Developer & country : Carl Zeiss GmbH, Germany
Year of purchase : 2010

Application field : Routine examination in morphological studies and recording of various biological samples suited for confocal microscope.

Main characteristics : Microscope digital camera with 1.4 megapixel resolution for recording in real-time with ring adapter for mounting on confocal microscope; accompanied with software for recording and analysis.

High temporal resolution video microscopy

Developer & country :

  • Carl Zeiss Gmbh, Germany (Axio Observer microscope with anti-vibration table)
  • VisiFluor® High Performance Ca2+, ion and FRET imaging (VisiChrome® High Speed Polychromatic Illumination System)
  • Photometrics’ Evolve 512 “Intelligent” EMCCD camera, US
  • VisiView® high performance imaging software, Visitron Systems GmbH
  • ALA scientific, US (High Speed Solution Exchange)

Year of purchase : 2012

Application fields : The main purpose of this system is dynamic video microscopy with high temporal resolution for investigating changes in intracellular ion concentration and production of free radicals in biological samples like cell cultures and tissue biopsy specimens. This system is compatible with system for electrophysiological measurements and confocal microscopy.

Main characteristics :

  • Inverted microscope for studies in bright field with phase contrast and epifluorescence accompanied with high performance objectives for live cell imaging.
  • Fast monochromatic source of fluorescence for illumination during fluorescence photometry, fluorescence imaging, scanning of optical wavelength and photolysis.
  • System for fast exchange of perfusion solutions.
  • EM – CCD camera for recording low fluorescence signals, TIRF microscopy, fluorescence from single molecules, spectral imaging and luminescence.
  • Accompanying software connected to monochromator for illumination control and to camera for recording as well as analysis of recorded material.

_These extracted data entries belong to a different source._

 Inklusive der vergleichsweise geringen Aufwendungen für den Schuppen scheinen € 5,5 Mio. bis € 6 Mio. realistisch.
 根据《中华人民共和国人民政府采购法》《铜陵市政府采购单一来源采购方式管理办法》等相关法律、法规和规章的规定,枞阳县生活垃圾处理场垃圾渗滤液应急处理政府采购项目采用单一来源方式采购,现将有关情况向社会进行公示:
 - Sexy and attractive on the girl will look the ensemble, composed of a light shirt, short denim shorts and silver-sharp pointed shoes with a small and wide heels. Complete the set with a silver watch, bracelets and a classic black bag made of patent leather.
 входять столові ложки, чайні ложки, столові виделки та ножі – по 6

System for electrophysiological measurements

(“Patch-Clamp” system)

Developer & country : Heka GmbH, Germany
Year of purchase : 2008

Application field : Electrophysiological measurements on performed on bilogical systems (cell cultures, plants or fungi, organotypic slice culture as well as acute tissue slices).

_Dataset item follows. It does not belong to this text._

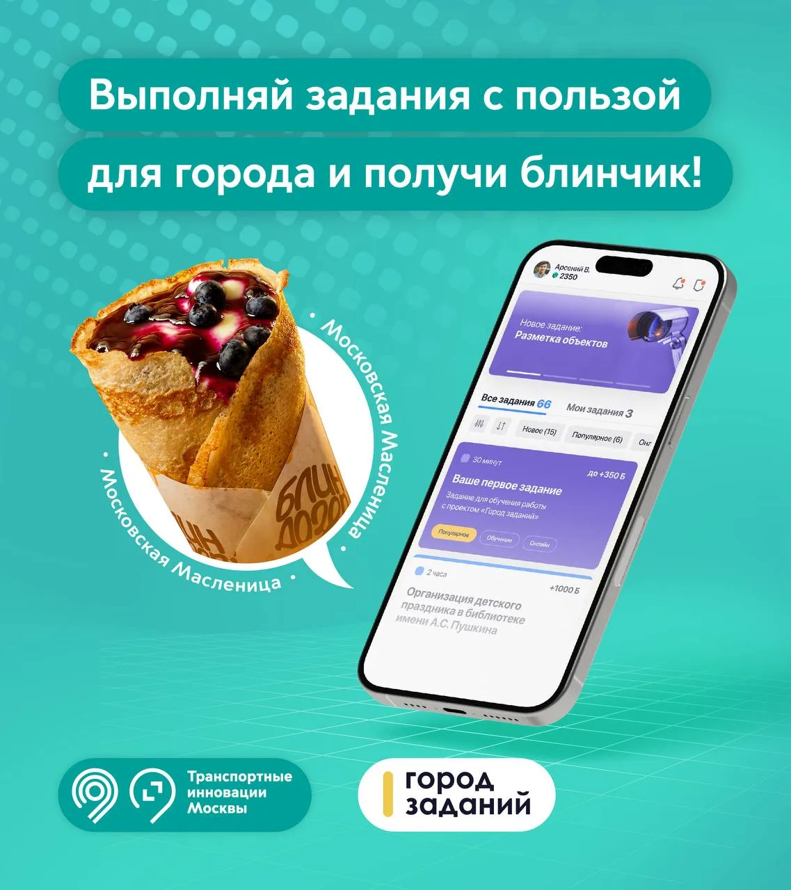 1️⃣ Онлайн-этап. Зарегистрируйтесь на сайте «Город заданий» и пройдите тематическую викторину. 200 человек, которые первыми ответят на все вопросы верно, получат промокод на блин.

Main characteristics : The system is comprised of feedback amplifier HEKA EPC8, AD/DA converter Heka LIH 1600 and HEKA MIM4 Eppendorf micromanipulator. For preparation of electrodes we have PIP5 pipette/micro-electrode vertical puller, while polishing could be performed at ALA CPM-2 (Coating and Polishing Microforge) device mounted on accompanying microscope.

Cell culture equipment

Main components :

Research microscope Axiovert 40 CFL (Carl Zeiss GmbH, Germany, 2008) :
inverted microscope with stage for observing cell cultures. Objectives and accompanying filters offer imaging in bright field with phase and differential interference contrast, as well as observation of epifluorescence. The main purpose of this microscope is observation of live cells in culture. It can be also used for examination of fixed cells and tissues on microscope slides.

Laminar Flow Hood for aseptic lab work, cell incubator NAPCO CO2 5400, Simplicity® water purification system, VAPRO® vapor pressure osmometer, set of manual pipettes (adjustable-volume, variable).